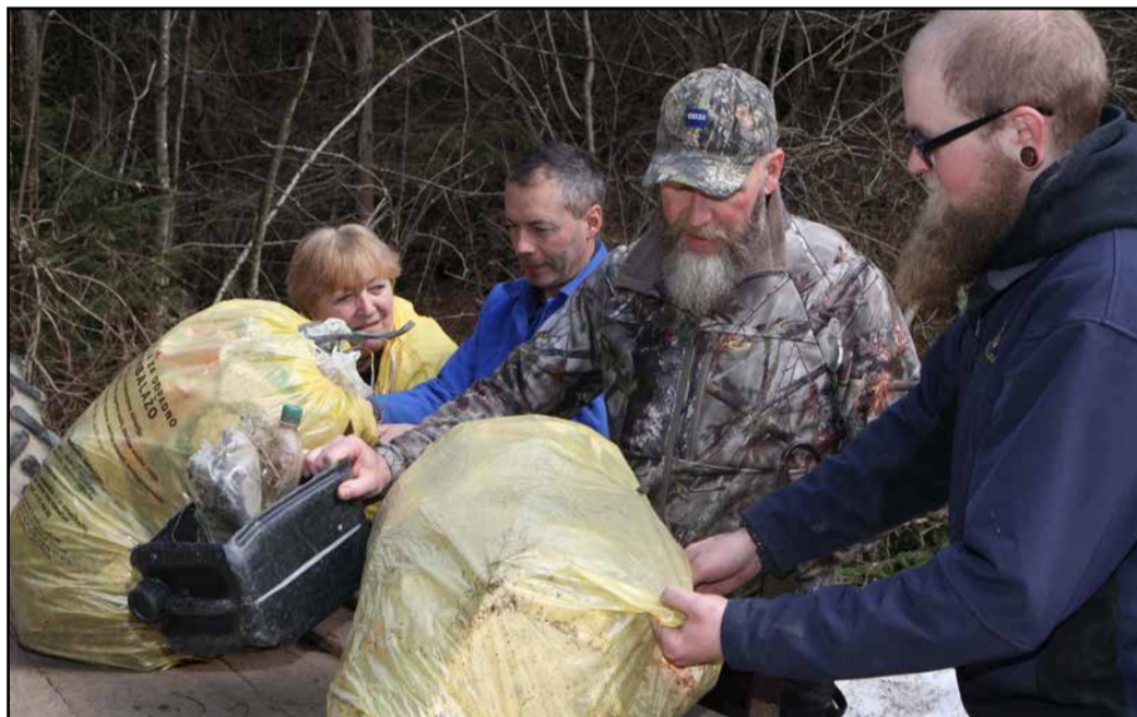
Turistični delavci Gomilskega in člani PGD Grajska vas v akciji

Turistični društvi Braslovče in Gomilsko sta v soboto, 24. marca, organizirali čistilno akcijo.
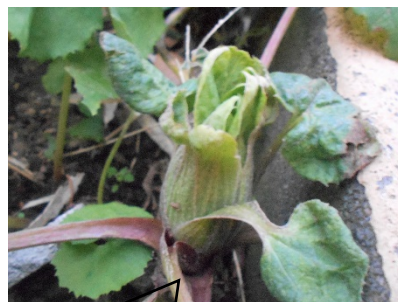
校内のフキノトウ。 もう、葉が大きく開いています。

そして、四月にはすべての子どもたちに新たな出会いがまっています。「一期一会」の心構えで、四月を迎えてほしいと思います。
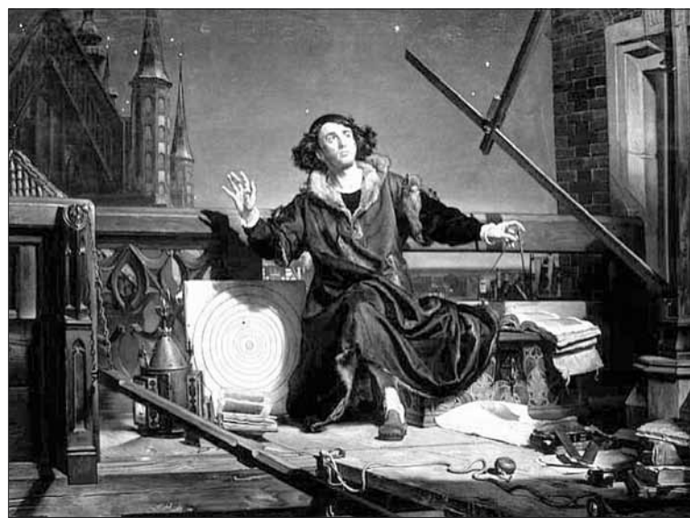
„Astronom Kopernik czyli rozmowa z Bogiem”, Jan Matejko, 1873 r.

Dzieło życia astronoma „O obrotach sfer niebieskich” wydano w 1543 r. w Norymberdze. Niestety wtedy Kopernik był już na łożu śmierci. Publikacja burzyła istniejący stan wiedzy o świecie, a Kościół umieścił ją na indeksie ksiąg zakazanych w 1616 r. i trwało to przez ponad dwieście lat.
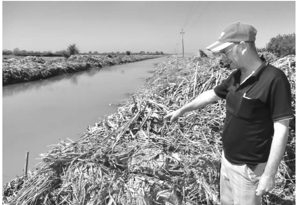
De los canales se han extraído decenas de toneladas de plantas acuáticas, las cuales obstaculizaban el flujo de agua.
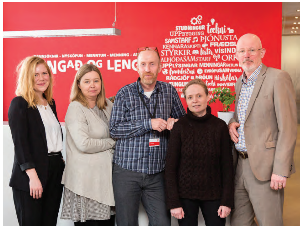
Afmælisnefnd Rannís að störfum en Erasmus+ fagnar 30 ára afmæli í ár.
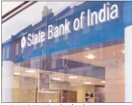
नई दिल्ली। भारतीय स्टेट बैंक ने अपनी कर्ज दरों में 0.05 फीसदी

अपने ग्राहकों को झटका दिया है। एसबीआई प्रबंधन ने ऋण पर ब्याज दर बढ़ाने की मंजूरी दे दी है। इस मंजूरी के बाद एसबीआई के होम या फिर कार लोन महंगे हो जाएंगे। दरअसल, बैंक ने नई दिल्ली। भारतीय स्टेट बैंक ने अपनी कर्ज दरों में 0.05 फीसदी की बढ़ोतरी कर दी है। यानी अब एसबीआई से कर्ज लेना महंगा हो जाएगा, साथ ही जो लोग पहले से लोन लिए हुए हैं, उनकी ईएमआई भी बढ़ जाएगी। ये दरें आज 10 दिसंबर, 2018 से प्रभावी हो गई हैं। एसबीआई ने सभी टेनर्स के लिए एमसीएलआर को 0.05 फीसदी बढ़ाया है। इस बढ़ोतरी के साथ अब एसबीआई की 1 साल की एमसीएलआर दर 8.5 से बढ़कर 8.55 फीसदी हो गई है।
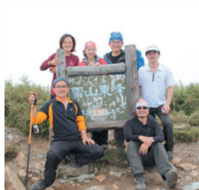
雪山東峰合影，爛爛寫在我們臉上！
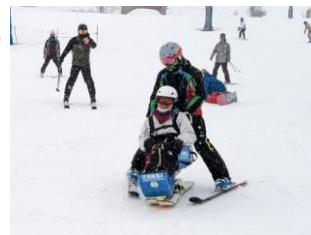
[専用スキーを用いたスキー体験]
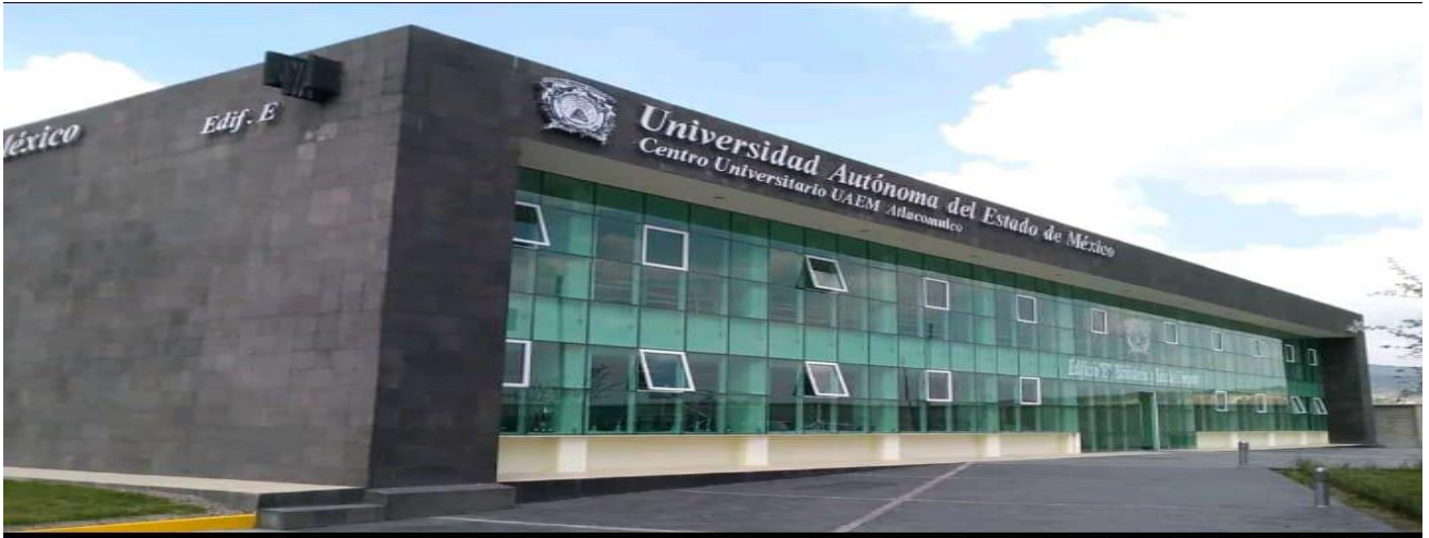
Imagen. Fotografía institucional icono de la administración 2021-2025. CU UAEM Atlacomulco. 2025.
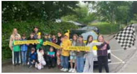
Ob im Straßenverkehr oder beim Besuch der Kindergartenkinder, die Schulkinder waren mit vollem Einsatz dabei.

Im Zuge des Jahresthemas in unserer Gruppe 2 „Im Weltall ist viel los“ befassten wir uns das ganze Jahr über mit den Planeten unseres Sonnensystems, erfuhren Wissenswertes über Saturn, Uranus, Merkur und Co und lernten viele interessante Details über unseren Mond kennen. Ende Mai beschäftigten wir uns mit den Sternbildern und den zwölf Sternzeichen.
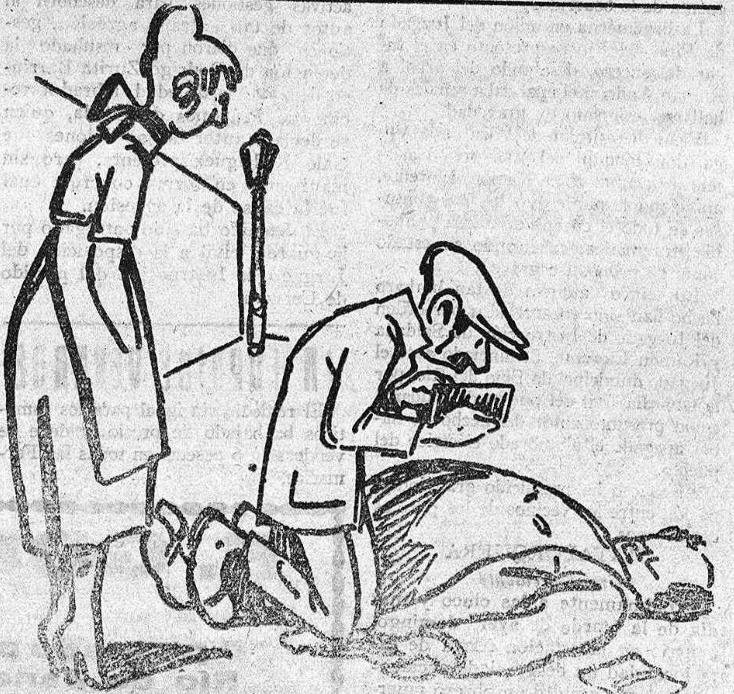
DESPUES DEL ASESINATO La cómplice.—¿Qué dice en ese papel que hay en la cartera? El asesino.—Que se marchaba al río con propósito de suicidarse por falta de recursos.
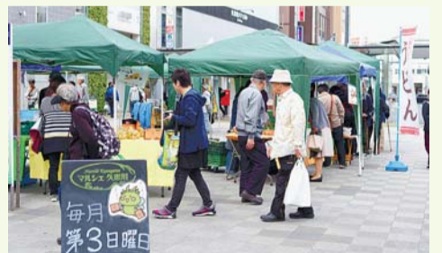
新鮮な野菜を買いに来ませんか
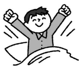
ぐっすり十分な睡眠
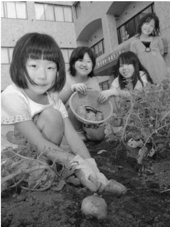
手作り菜園で初収穫
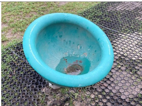
Redskab: Tekop Årgang: 2024 Producent: Kompan Er redskabet mærket: Ja Er der registreret fejl/mangler: Nej
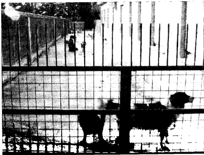
In cerca di un gestore Super lavoro per il canile
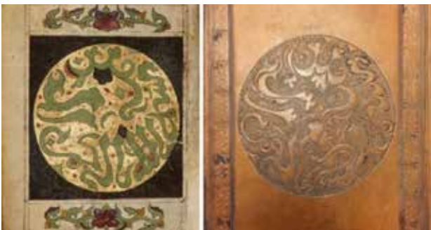
تصویر ۱۴. جلد چرمی و صفحه اول قرآن شماره دوازده.
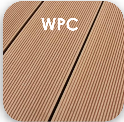
WPC, Gartenterrassen auf Ebene Erdgeschoss, Braun
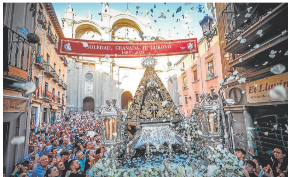
SOLEDAD. Viernes Santo

a Cristo Crucificado, segundos antes de morir, suspendido de cruz arbórea por tres clavos. De canon algo largado, con paño de pureza voluminoso, resuelto a grandes pliegues muy simplificados y anudado a la derecha. El crucificado se presenta sobre un bello paso cuya ebanistería es de José Jiménez Batista, la talla de Julián Sánchez, el dorado de Cecilio Reyes y la imaginería que lo completa de Ángel Asenjo. El resultado artístico, fabuloso.
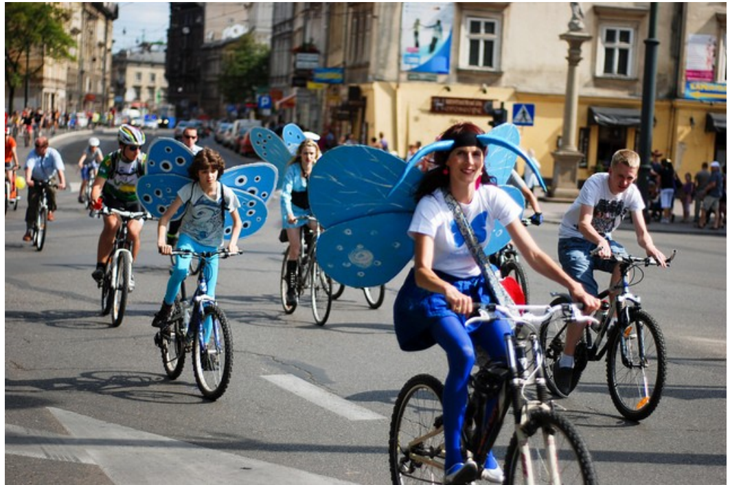
Uczestnicy Wielkiego Przejazdu Rowerowego
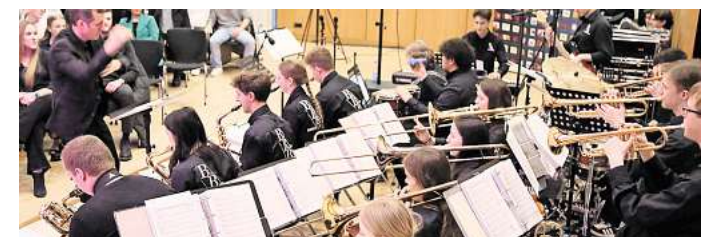
Die Big Band Berenbostel heizt dem Saal ein.
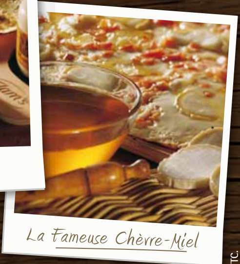
La Fameuse Chèvre-Miel

Accompagnez votre repas de salade verte assaisonnée d'une vinaigrette à la moutarde à l'ancienne
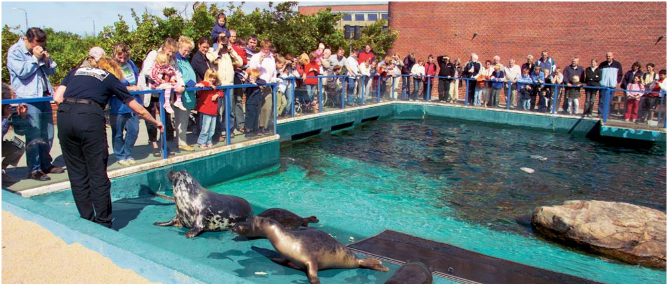
Fiskeri- og Søfartsmuseets sælarium fra 1976 står nu foran fornyelse.

• • • •

_Task:_
Your copy should hold exactly the lines from the line containing "Uczestnicy Wielkiego Przejazdu Rowerowego" through the last line of the listing above, both included, and no pictures.

_Exercise solution:_
Uczestnicy Wielkiego Przejazdu Rowerowego
Die Big Band Berenbostel heizt dem Saal ein.
La Fameuse Chèvre-Miel

Accompagnez votre repas de salade verte assaisonnée d'une vinaigrette à la moutarde à l'ancienne
Fiskeri- og Søfartsmuseets sælarium fra 1976 står nu foran fornyelse.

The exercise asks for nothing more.